# The Cannondale V4000 that I always wanted, sort of - A bike from the movie The Giver



## cbustapeck (Nov 25, 2020)

I first saw the Cannondale V4000 in _Wired _magazine, in the early to mid 1990s, and so wanted one. If you're not familiar with it, check out this detailed look on Pink Bike. Square tubing, single-side-mounted wheels both front and rear, and so incredibly futuristic. Think _Tron _crossed with some of the most crazy downhill bikes of that period. 

I just came across this bicycle, from the 2014 movie adaptation of Lois Lowry's Newbery Medal-winning novel, _The Giver_. The following photos were supplied by Hanlin's Auction Service, in Quincy, Illinois, who is offering the bicycle as part of their sale this Friday, November 27, 2020. 










It's super futuristic, featuring square tubing, single sided forks and rear stays, wheel discs, and more. It's everything that is appropriate for a book, and bike, of the 1990s. 

Bidding starts at $250, with a 23% buyer's premium plus 5% sales tax.

The photo is the same one used when it sold at Premier Props in 2014, for $402 after tax and buyer's premium.

User Kevjh on Your Props has photos of two other examples, which provide a somewhat better idea as to what the bicycles look like. 

I'm sure that the bicycle handles like a tank, but I'm plenty used to older bicycles like that. My real concern would be that, as a prop, this bike was not built to be disassembled, and that you wouldn't be able to replace the tires or tubes without drilling / grinding out welds. Likewise, I wouldn't be surprised if the bearings were completely inaccessible. 

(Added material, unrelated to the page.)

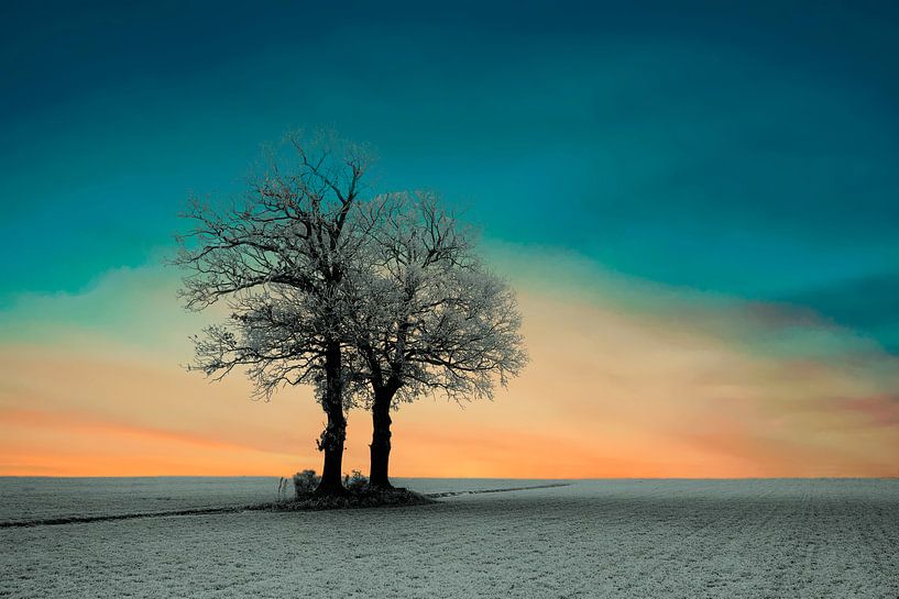 Achetez cette œuvre d'art de paysage Lever du soleil sur un paysage d'hiver par Gert Hilbink sur toile, aluminium, ArtFrame ou photographie (encadrée), impression d'art en haute qualité et tout format.

Please understand: I'm not saying that the above bicycle has any of the liabilities that I mention, just that they're things that I would check prior to purchase that might not come up on a regular bicycle. For more on what a vehicular movie prop can be like, be sure to check out Tavarish's Fast and the Furious Lamborghini.


----------



## 49autocycledeluxe (Nov 25, 2020)

what makes you think it can not be disassembled?


----------



## cbustapeck (Nov 25, 2020)

49autocycledeluxe said:


> what makes you think it can not be disassembled?



Primarily, Tavarish's Lamborghini, mentioned above, with all that was done to it, the understanding that it was built as a prop, as well as my own (albeit limited) experience with things that only have to be used as props once. 

I'm not saying that it cannot be disassembled, just that that can be an issue with movie props and possibly worth investigating prior to purchase.


----------



## Cycleoflife (Mar 6, 2021)

I actually own one of these and I spent a few months totally redoing it. There were only three of these in the United States and purportedly the third is a child size on display in Jeff Bridges house. The bike was in rough shape and the wheel covers were yellowed on one side. They supposedly spent years in the rain, then in a storage facility. I upgraded the drivetrain to a belt drive by Gates but that took some major figuring out. I get the parts back from powder coating in a week. If anyone is interested, I’ll post photos of the finished bike.  Happy riding.


----------



## cbustapeck (Mar 7, 2021)

Cycleoflife said:


> I actually own one of these and I spent a few months totally redoing it. There were only three of these in the United States and purportedly the third is a child size on display in Jeff Bridges house. The bike was in rough shape and the wheel covers were yellowed on one side. They supposedly spent years in the rain, then in a storage facility. I upgraded the drivetrain to a belt drive by Gates but that took some major figuring out. I get the parts back from powder coating in a week. If anyone is interested, I’ll post photos of the finished bike.  Happy riding.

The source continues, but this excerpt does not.